I want to promote our great sport of racquetball. Sounds nice, doesn’t it? I see this sentence in print quite a bit. However, some of the people who say this really mean “I want to make money without much effort.” Here are a few observations I have made over the years. If you truly do want to promote racquetball:
1. Do not try to control the sport. Promoting racquetball means more than one person doing it. The object is to grow the sport, first and your wallet second.
2. Strive to be inclusive of other instructors. If a club is inclusive, they are promoting racquetball.
3. Give up the immediate $ for long term gain in your program. Ex. -you do not want to join the league-okay by me!
4. Try to program for the players, not the Pro! That means Saturdays, Sundays, and odd hours. Not when you want to, but when the players want to play.

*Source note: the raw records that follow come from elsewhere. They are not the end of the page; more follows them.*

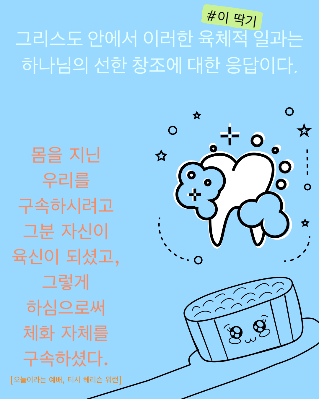“그리스도 안에서 이러한 육체적 일과는 하나님의 선한 창조에 대한 응답이다.”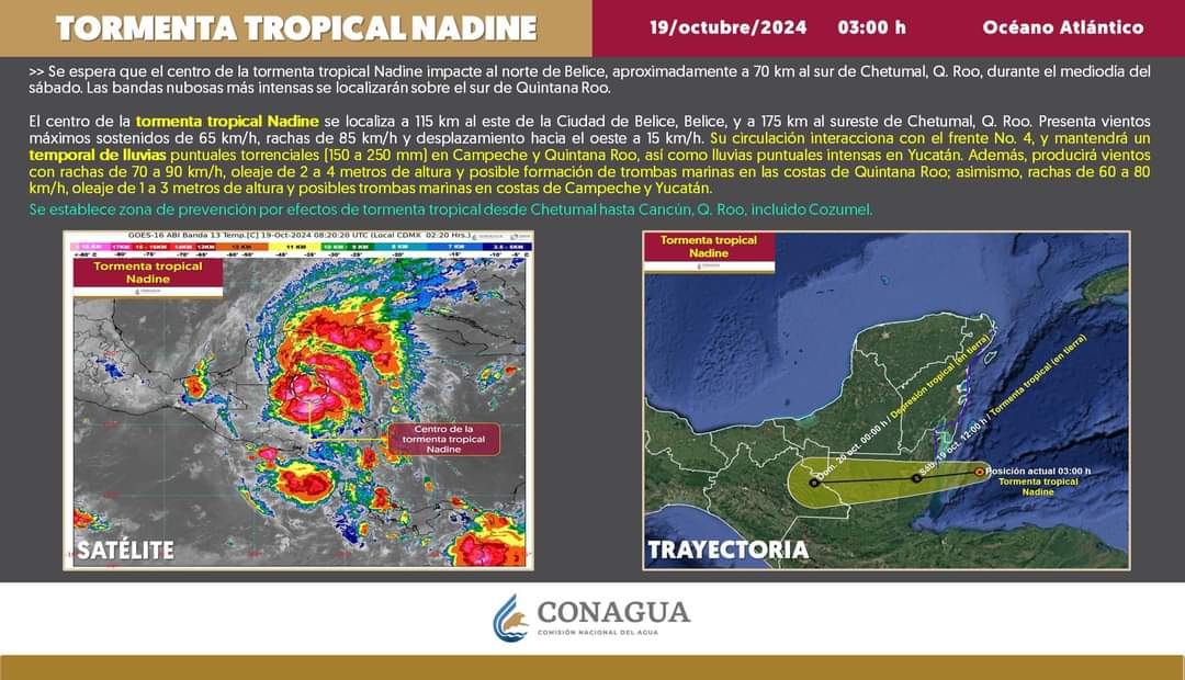 Cancún(Marcrix Noticias).- Se espera que el centro de la Tormenta Tropical Nadine impacte al Norte de Belice, aproximadamente a 70 km al Sur de Chetumal, Quintana Roo, durante el mediodía del sábado.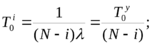 Переход из одного состояния в другое (по мере постепенной деградации системы) определяется интенсивностью потока отказов, воздействующих на систему, находящуюся в соответствующем состоянии. Интенсивность потока отказов, воздействующих на систему, находящуюся в i-м состоянии, определяется количеством работоспособных узлов (N-i). Т.о. среднее время нахождения системы в i-м состоянии определяется следующим образом: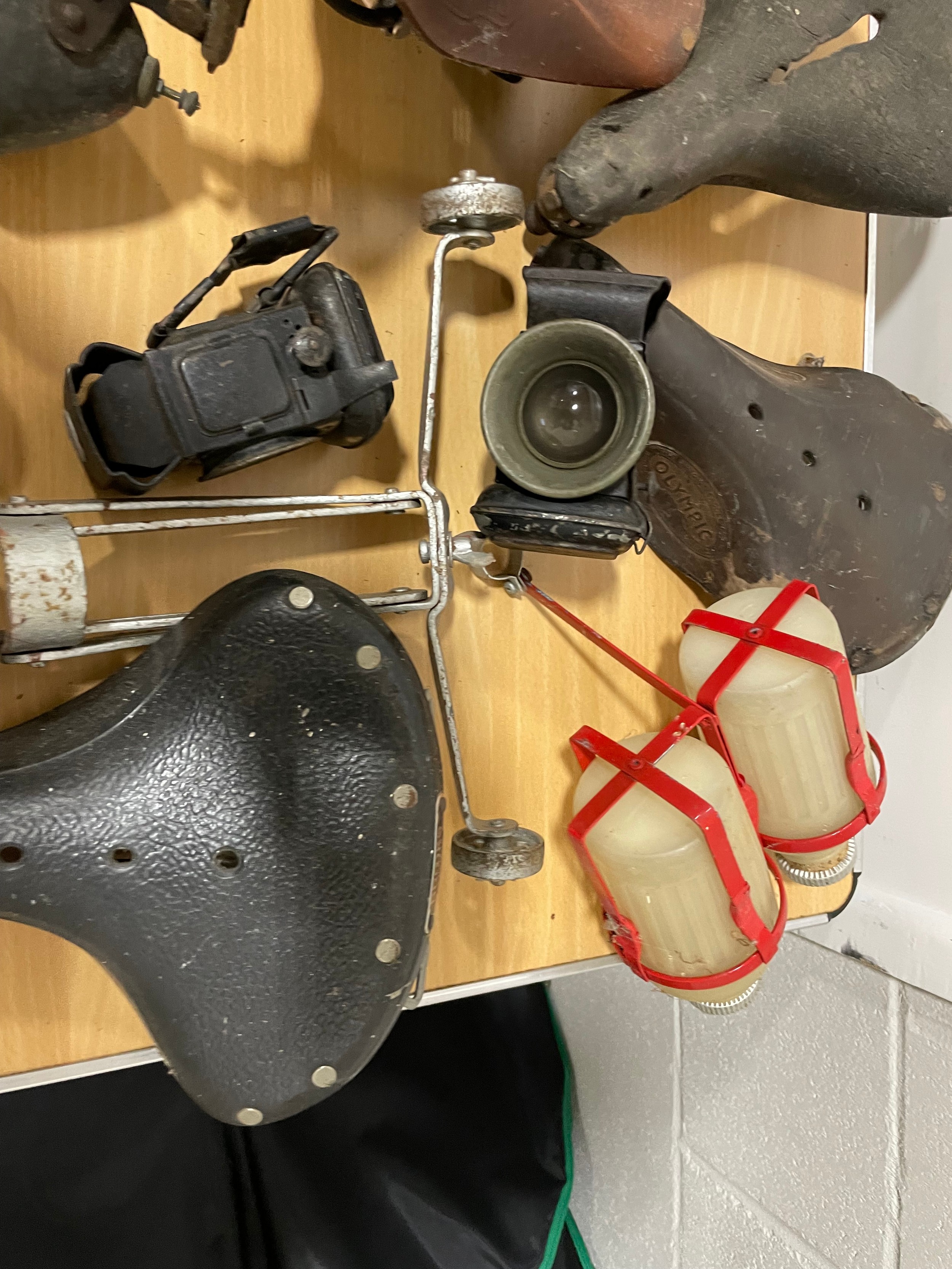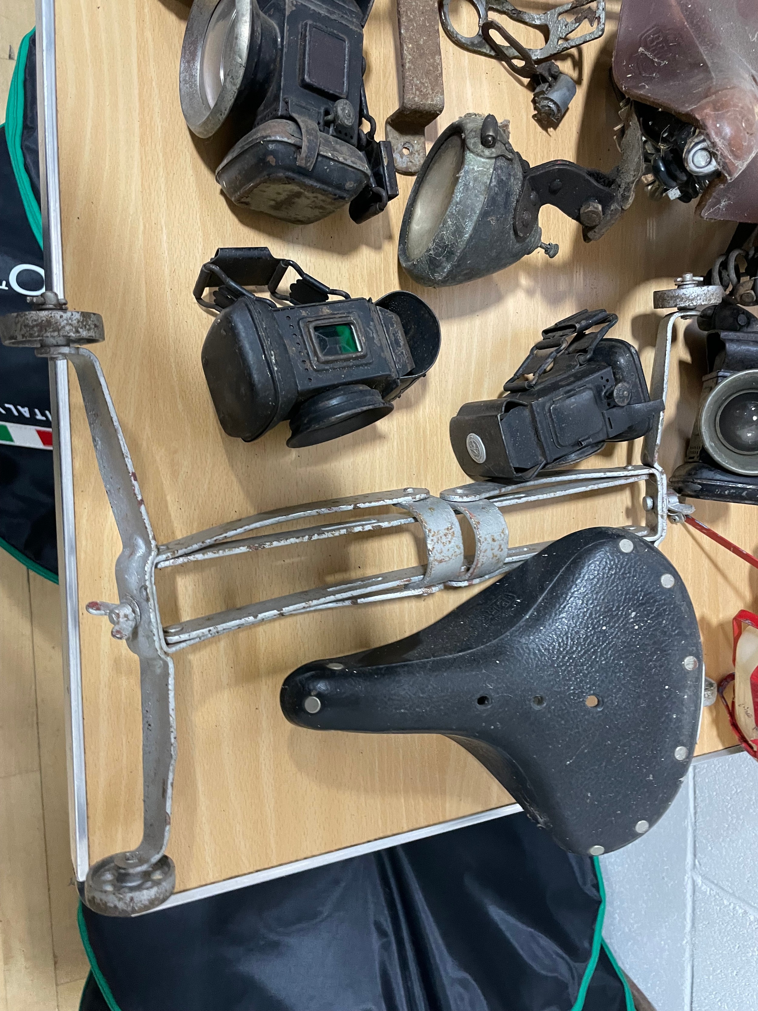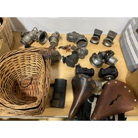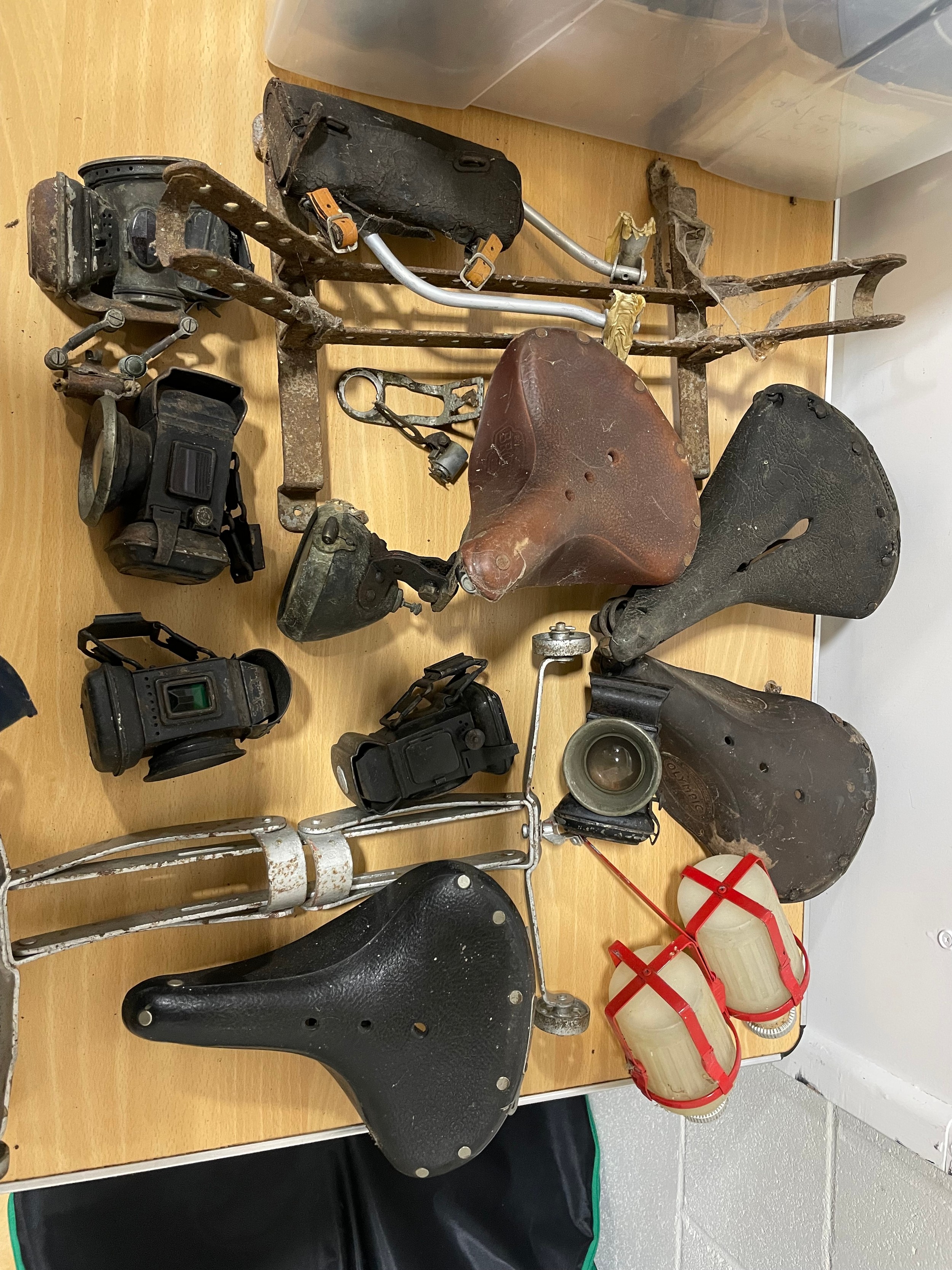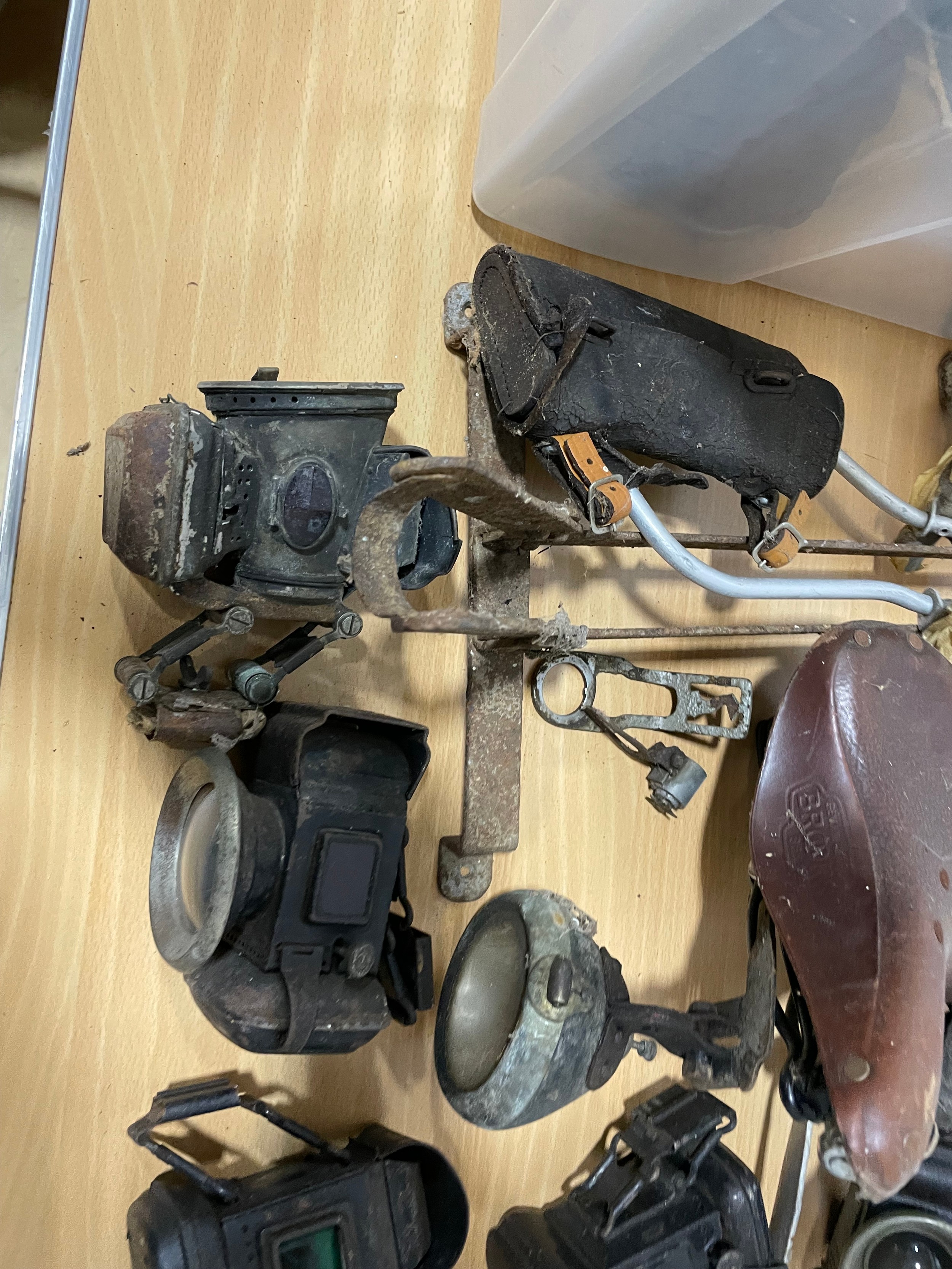 Box of Sundry Bicycle Parts, Saddles, Lamps, Etc

5. You put the programming ahead of your own game. Big one-players needing memberships, find a club to work at so they can develop their game, not the customer’s game!
6. You understand that the more people who make money in racquetball, the healthier the sport is. The fewer who make money by controlling their club; the less you grow the sport.

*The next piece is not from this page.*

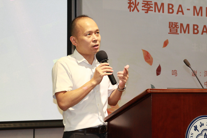 随后,第九届MBA联合会主席庄志坚同学以“魔幻般的魔法公司”为主题从魔法(知识)、敏捷、力量三方面,为新生们介绍了一个致力于搭建校内外交流、员工间联络与沟通的平台——MBA联合会。紧接着,李泽江员工为各位介绍了MBA微圈,分享自己扩展人脉资源的经验,希望同学们能在两年的学习生活中收获友谊、收获知识、收获成功。

7. You strive to make your club an open club; where pros can teach and not a closed shop. (sidebar-of course within the organization of your club, and not rogue uncertified coaching or programming)
If you had three or four pros at your club making money wouldn’t racquetball be healthy? If one pro can handle all the business I understand, but why shut out people at the expense of not growing the game? Worse yet, are the chains of clubs with tons of potential players and they do not want pros in the clubs.
Why are there no people on the courts? Go back and look for the violations at your club. You be the judge!